A linha de transmissão Tucuruí-Macapá-Manaus é uma obra fascinante. Suas 3.351 torres, que chegam a ter 295 metros de altura - o equivalente a um prédio com 100 andares -, atravessam quase 1,8 mil quilômetros de selva. Mas os R$ 3,5 bilhões investidos na construção tinham um objetivo ainda mais grandioso: interligar a maior parte da Região Norte ao sistema elétrico nacional.
Oficialmente, a conexão ocorreu em 9 de julho com a conclusão da linha. Mas, na prática, não é bem assim. O Norte segue consumindo cerca de R$ 2 bilhões por ano para pagar o combustível de 27 térmicas. O motivo: a Amazonas Energia, distribuidora do grupo Eletrobrás, atrasou a sua parte das obras.

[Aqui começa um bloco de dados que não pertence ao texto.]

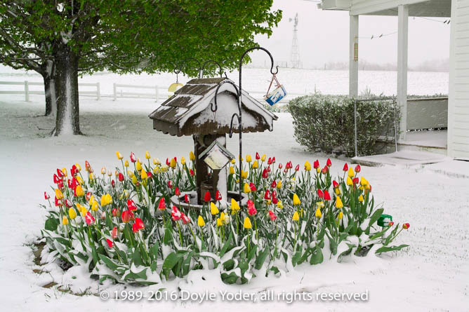 Berlin, Holmes Co. Ohio Spring snow with tulips in flower garden covered with snow

O Brasil tinha dois sistemas isolados ao Norte; o Acre/Rondônia, que foi interligado em 2009, e o Manaus/Macapá, que inclui Amazonas, Amapá e o oeste do Pará, e está sendo interligado agora. Como o sistema local é obsoleto, ficou a cargo da Amazonas Energia a compra e a instalação de novos equipamentos, mais potentes.
O prazo para cumprir o trabalho foi longo. Desde a licitação até a conexão no mês passado, a instalação do linhão levou cinco anos, três a mais do que o previsto. Nesse meio tempo, a distribuidora não fez quase nada. Das cinco novas subestações previstas, só uma foi concluída. De quatro linhas de transmissão projetadas, duas estão em obras. Por causa do atraso, só 10% da capacidade do linhão é utilizada.

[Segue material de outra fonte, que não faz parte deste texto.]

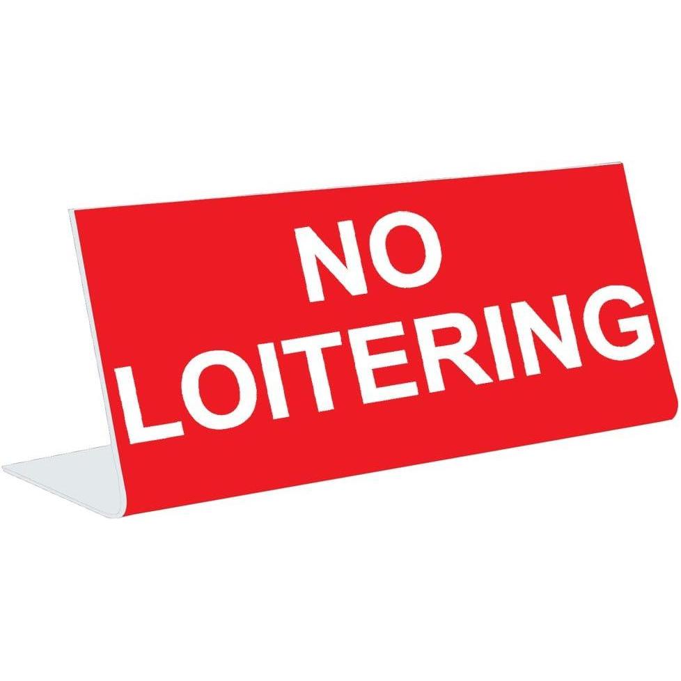 Be the first to review “3″ x 8″ Engraved Tabletop Pedestal Desk Sign – NO Loitering – RED/White”

Como o abastecimento de energia da Região Norte oficialmente deixou de ser isolado do resto do País, criou-se um impasse financeiro: os R$ 2 bilhões gastos com a compra do combustível das térmicas deveriam ser pagos exclusivamente pelos consumidores locais. Como o mercado é diminuto, o custo poderia chegar a R$ 70 MW/h. Para as famílias, significaria um adicional na conta de luz de R$ 15 a R$ 20 por mês - um valor alto, considerada a renda média da região.
Para evitar o rombo local, o Ministério de Minas e Energia publicou em 2 de agosto uma portaria criando um regulamento diferente para o Norte. A medida determina que a região, apesar de estar tecnicamente interligada ao sistema nacional, permanece subordinada às regras do sistema isolado até a conclusão das obras de distribuição. No setor, agora se diz que no Norte vigora “sistema semi-isolado” de abastecimento.
Economia suspensa. O mais grave nesse limbo técnico e regulatório é que a prometida economia de R$ 2 bilhões vai ficar para depois - e que parte da conta será paga pelo Tesouro Nacional. Até o ano passado, os recursos para cobrir o custo das térmicas nas região do sistema isolado eram cobrados na conta de luz de todos os brasileiros e depositados na Conta de Consumo de Combustíveis (CCC).
No início do ano, a CCC foi absorvida por outro encargo, a Conta de Desenvolvimento Energético (CDE), também cobrada na conta de luz. Como o governo prometeu reduzir o valor da energia, parte da CDE passou a ser coberta com recursos do Tesouro Nacional.
Há outra questão em suspenso: já não é possível garantir que o fim do sistema isolado vai render a prometida economia de R$ 2 bilhões. Segundo Hermes Chipp, diretor do Operador Nacional do Sistema (ONS), que monitora o abastecimento no País, as térmicas ficarão ligadas após a conclusão da interligação para garantir a segurança do abastecimento. A linha de transmissão feita para suportar 1.800 MW/h vai operar com 700 MW/h e picos eventuais de 900 MW/h. O restante do consumo será mantido pelas térmicas.
A prioridade será usar as térmicas a gás. Hoje há oito em operação. Mas, dependendo da demanda - local e nacional -, nada impede que sejam acionadas algumas ou todas as 19 térmicas a diesel e óleo combustível, as mais caras, cuja energia chega a custar R$ 1 mil o MW/h.